(Instructions for the task): Copy out all lines from the material that contain the string "einem".

(The data):
....

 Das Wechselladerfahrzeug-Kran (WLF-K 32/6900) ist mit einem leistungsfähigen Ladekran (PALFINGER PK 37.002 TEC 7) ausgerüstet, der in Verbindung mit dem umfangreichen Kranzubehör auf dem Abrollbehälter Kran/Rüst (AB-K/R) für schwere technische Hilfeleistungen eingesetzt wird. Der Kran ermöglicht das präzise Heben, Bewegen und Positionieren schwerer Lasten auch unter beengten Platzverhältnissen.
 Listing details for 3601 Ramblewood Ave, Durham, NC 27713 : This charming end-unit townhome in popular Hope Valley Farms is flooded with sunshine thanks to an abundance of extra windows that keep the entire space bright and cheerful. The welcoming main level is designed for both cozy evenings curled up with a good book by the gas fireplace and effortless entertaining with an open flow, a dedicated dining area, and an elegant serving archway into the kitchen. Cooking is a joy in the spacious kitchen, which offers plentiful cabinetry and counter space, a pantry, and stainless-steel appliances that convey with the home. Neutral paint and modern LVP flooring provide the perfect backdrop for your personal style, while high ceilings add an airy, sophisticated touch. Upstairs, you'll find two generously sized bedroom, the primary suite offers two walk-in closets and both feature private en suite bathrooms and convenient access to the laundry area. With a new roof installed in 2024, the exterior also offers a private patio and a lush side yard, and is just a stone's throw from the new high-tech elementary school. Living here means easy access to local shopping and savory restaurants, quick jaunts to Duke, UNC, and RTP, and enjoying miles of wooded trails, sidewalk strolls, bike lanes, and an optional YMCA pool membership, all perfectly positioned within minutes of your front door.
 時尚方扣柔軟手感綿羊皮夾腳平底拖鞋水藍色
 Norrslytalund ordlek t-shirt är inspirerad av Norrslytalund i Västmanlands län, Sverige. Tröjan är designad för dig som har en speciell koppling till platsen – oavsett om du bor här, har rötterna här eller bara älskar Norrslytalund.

....

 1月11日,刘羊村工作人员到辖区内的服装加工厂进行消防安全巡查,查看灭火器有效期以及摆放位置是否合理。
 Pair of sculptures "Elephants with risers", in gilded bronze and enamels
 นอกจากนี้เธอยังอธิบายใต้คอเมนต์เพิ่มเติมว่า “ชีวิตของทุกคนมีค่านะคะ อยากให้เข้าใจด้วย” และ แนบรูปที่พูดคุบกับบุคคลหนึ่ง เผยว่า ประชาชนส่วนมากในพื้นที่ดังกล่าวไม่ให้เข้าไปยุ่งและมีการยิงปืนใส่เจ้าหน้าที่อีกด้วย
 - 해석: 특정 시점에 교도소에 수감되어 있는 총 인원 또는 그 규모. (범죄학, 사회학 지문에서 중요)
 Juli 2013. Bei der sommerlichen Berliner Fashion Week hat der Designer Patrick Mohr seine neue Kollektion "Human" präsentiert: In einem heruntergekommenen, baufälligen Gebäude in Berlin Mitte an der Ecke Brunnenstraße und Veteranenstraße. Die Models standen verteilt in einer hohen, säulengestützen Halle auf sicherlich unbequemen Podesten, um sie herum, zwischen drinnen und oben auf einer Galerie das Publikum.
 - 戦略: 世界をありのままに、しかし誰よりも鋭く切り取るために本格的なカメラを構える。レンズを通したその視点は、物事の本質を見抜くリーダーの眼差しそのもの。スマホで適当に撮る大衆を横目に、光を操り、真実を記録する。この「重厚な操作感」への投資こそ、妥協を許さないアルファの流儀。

....

(Problem solution):
 Das Wechselladerfahrzeug-Kran (WLF-K 32/6900) ist mit einem leistungsfähigen Ladekran (PALFINGER PK 37.002 TEC 7) ausgerüstet, der in Verbindung mit dem umfangreichen Kranzubehör auf dem Abrollbehälter Kran/Rüst (AB-K/R) für schwere technische Hilfeleistungen eingesetzt wird. Der Kran ermöglicht das präzise Heben, Bewegen und Positionieren schwerer Lasten auch unter beengten Platzverhältnissen.
 Juli 2013. Bei der sommerlichen Berliner Fashion Week hat der Designer Patrick Mohr seine neue Kollektion "Human" präsentiert: In einem heruntergekommenen, baufälligen Gebäude in Berlin Mitte an der Ecke Brunnenstraße und Veteranenstraße. Die Models standen verteilt in einer hohen, säulengestützen Halle auf sicherlich unbequemen Podesten, um sie herum, zwischen drinnen und oben auf einer Galerie das Publikum.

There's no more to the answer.